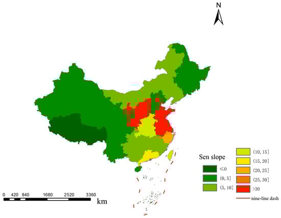 This study utilized the Theil–Sen slope method to examine the spatial trends of CH4 emissions in China from 2000 to 2023 [24]. The calculation formula for the Sen slope is as follows:
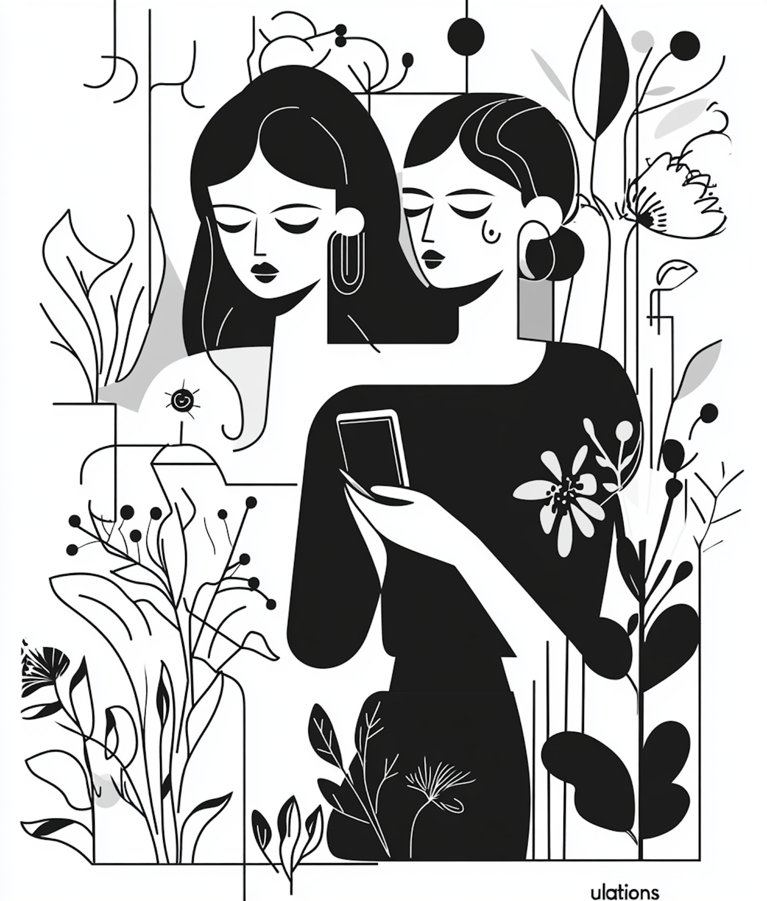 Stylized black and white illustration of two women with floral and geometric elements, blending nature and technology.
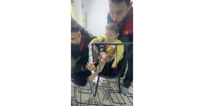 Osmaniye'de, evde oynarken sandalyenin demir bölümüne ayağı sıkışan çocuğun imdadına, itfaiyede şoför olan babasının mesai arkadaşları yetişti.
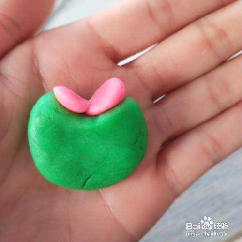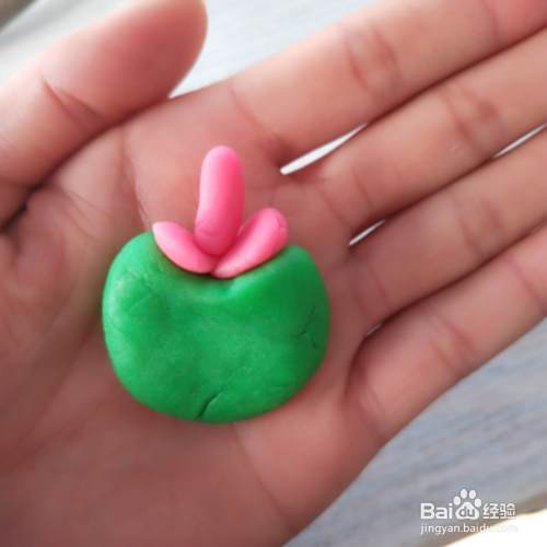 如图,再做一个红色的小条状橡皮泥粘在绿色橡皮泥的最上端。
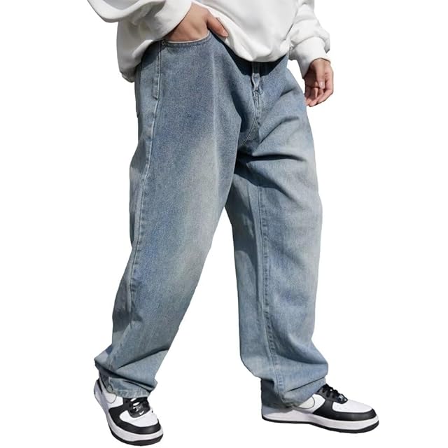 [Fuyumoe] ジーンズ メンズ ワイド デニムパンツ メンズ ズボン ワイド ジーパン 大きいサイズ ゆったり ルーズ イージー (ユーズド ブルー L)
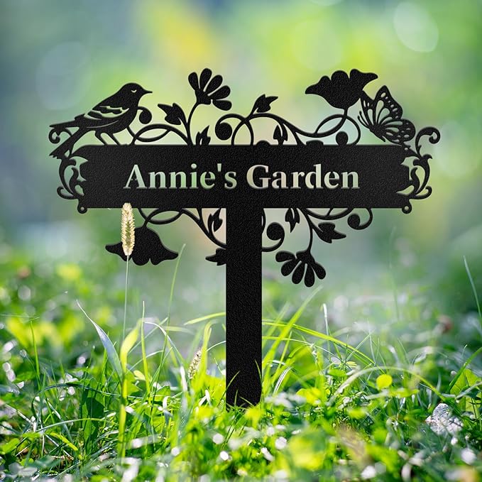 Personalized Garden Signs with Stake, Custom Garden Signs Metal for Outdoor Waterproof, Customized Metal Name Sign, Birds Flowers Design Home Patio Yard Decor Gardening Gift
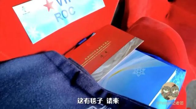 画面中出现的ROC是俄罗斯奥委会(Russian Olympic Committee)的英文缩写,前排标明“VIP”的座位就属于普京。座位上放着毯子、请柬、节目册还有一个手提袋。
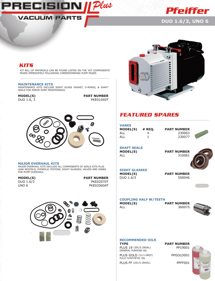 - Phụ tùng bơm chân không Pfeiffer UNO 6, Repair kits and part for Pfeiffer vacuum pump UNO 6 được sản xuất và cung cấp bởi Precision Plus thuộc Tập đoàn Atlas Copco dưới dạng OEM. Các phụ tùng, phụ kiện bơm chân không Pfeiffer UNO 6 gồm: gioăng phớt, vòng đệm, vòng bi, lò xo,....
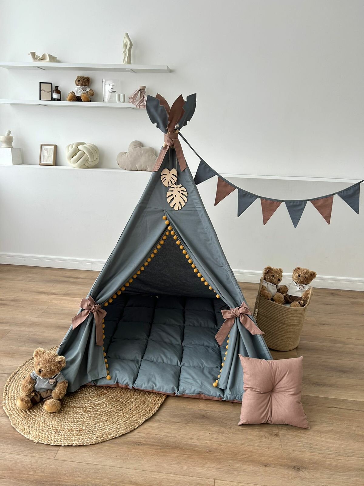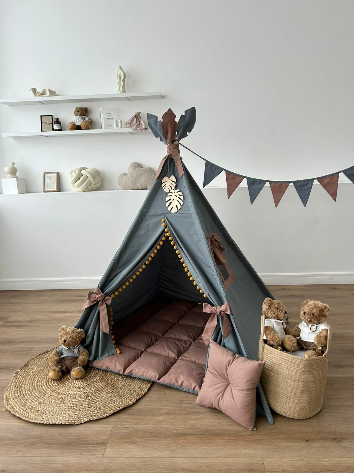 Вигвам babysmail, с ковриком, подушкой, флажками, дерево, ткань информация:
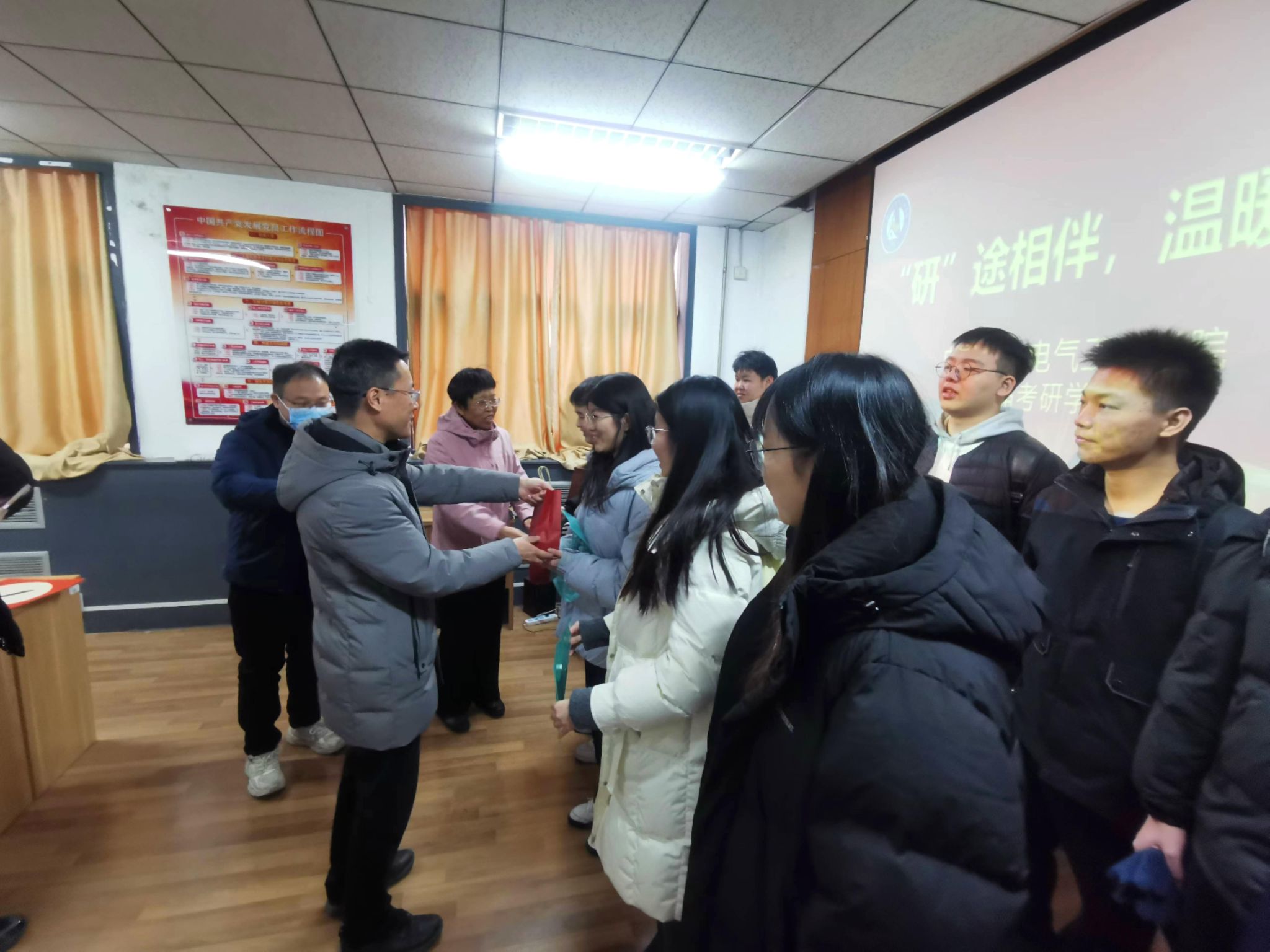 精心组织开展“‘研’途相伴·温暖护航”2025届考研学生慰问活动。学院党委书记吴平、院长王冬霞亲临现场,毕业班辅导员及学院就业指导服务委员会成员积极筹备并参与本次活动。
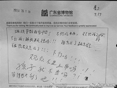 观众投诉博物馆不让孩子跑跳 广东省博物馆回应:
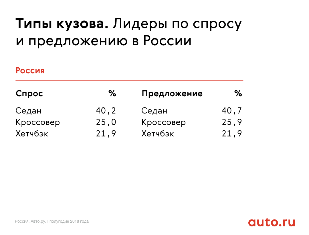 Самый распространённый в России тип кузова — седан. В объёме предложения таких машин 40,7%, а уровень спроса на них составляет 40,2%. Затем идут кроссоверы и хэтчбеки, на которые приходится 25,9% и 21,9% предложения, 25% и 21,9% спроса соответственно.
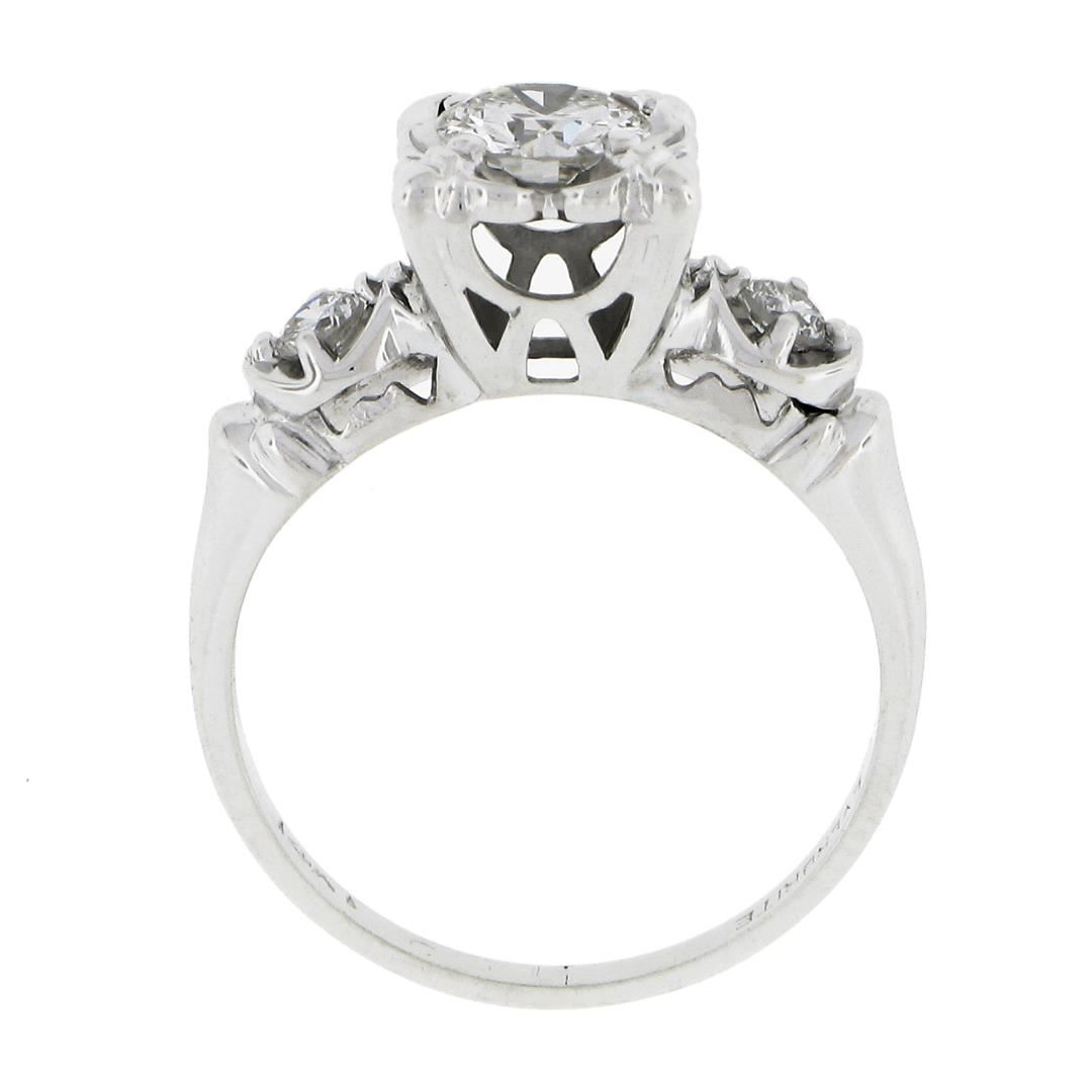 A vintage solid 14k white gold engagement ring by Everbrite, with 1 old transitional cut natural diamond (I- SI2-I1 ; 0.70ct ), and 2 round cut natural diamonds (H/I - SI2-I1 ; 0.14ctw). The ring is size 7.0, weighs a total of 3.41 grams, and measures 8mm wide.
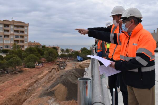 El alcalde, Carlos González, los concejales de Agua, Héctor Díez, y de Pedanías, Vicente Alberola, el gerente de Aigües d’Elx, Javier Prieto, y los pedáneos de Arenales del Sol, Antonio Garzón, y El Altet, José Manuel Meseguer, visitan los trabajos de dicho servicio que entrará en funcionamiento a mediados de junio
----
When a line carries an image, skip the image and repeat everything else above exactly as written.

 This study utilized the Theil–Sen slope method to examine the spatial trends of CH4 emissions in China from 2000 to 2023 [24]. The calculation formula for the Sen slope is as follows:
 Stylized black and white illustration of two women with floral and geometric elements, blending nature and technology.
 Osmaniye'de, evde oynarken sandalyenin demir bölümüne ayağı sıkışan çocuğun imdadına, itfaiyede şoför olan babasının mesai arkadaşları yetişti.
 如图,再做一个红色的小条状橡皮泥粘在绿色橡皮泥的最上端。
 [Fuyumoe] ジーンズ メンズ ワイド デニムパンツ メンズ ズボン ワイド ジーパン 大きいサイズ ゆったり ルーズ イージー (ユーズド ブルー L)
 Personalized Garden Signs with Stake, Custom Garden Signs Metal for Outdoor Waterproof, Customized Metal Name Sign, Birds Flowers Design Home Patio Yard Decor Gardening Gift
 画面中出现的ROC是俄罗斯奥委会(Russian Olympic Committee)的英文缩写,前排标明“VIP”的座位就属于普京。座位上放着毯子、请柬、节目册还有一个手提袋。
 - Phụ tùng bơm chân không Pfeiffer UNO 6, Repair kits and part for Pfeiffer vacuum pump UNO 6 được sản xuất và cung cấp bởi Precision Plus thuộc Tập đoàn Atlas Copco dưới dạng OEM. Các phụ tùng, phụ kiện bơm chân không Pfeiffer UNO 6 gồm: gioăng phớt, vòng đệm, vòng bi, lò xo,....
 Вигвам babysmail, с ковриком, подушкой, флажками, дерево, ткань информация:
 精心组织开展“‘研’途相伴·温暖护航”2025届考研学生慰问活动。学院党委书记吴平、院长王冬霞亲临现场,毕业班辅导员及学院就业指导服务委员会成员积极筹备并参与本次活动。
 观众投诉博物馆不让孩子跑跳 广东省博物馆回应:
 Самый распространённый в России тип кузова — седан. В объёме предложения таких машин 40,7%, а уровень спроса на них составляет 40,2%. Затем идут кроссоверы и хэтчбеки, на которые приходится 25,9% и 21,9% предложения, 25% и 21,9% спроса соответственно.
 A vintage solid 14k white gold engagement ring by Everbrite, with 1 old transitional cut natural diamond (I- SI2-I1 ; 0.70ct ), and 2 round cut natural diamonds (H/I - SI2-I1 ; 0.14ctw). The ring is size 7.0, weighs a total of 3.41 grams, and measures 8mm wide.
 El alcalde, Carlos González, los concejales de Agua, Héctor Díez, y de Pedanías, Vicente Alberola, el gerente de Aigües d’Elx, Javier Prieto, y los pedáneos de Arenales del Sol, Antonio Garzón, y El Altet, José Manuel Meseguer, visitan los trabajos de dicho servicio que entrará en funcionamiento a mediados de junio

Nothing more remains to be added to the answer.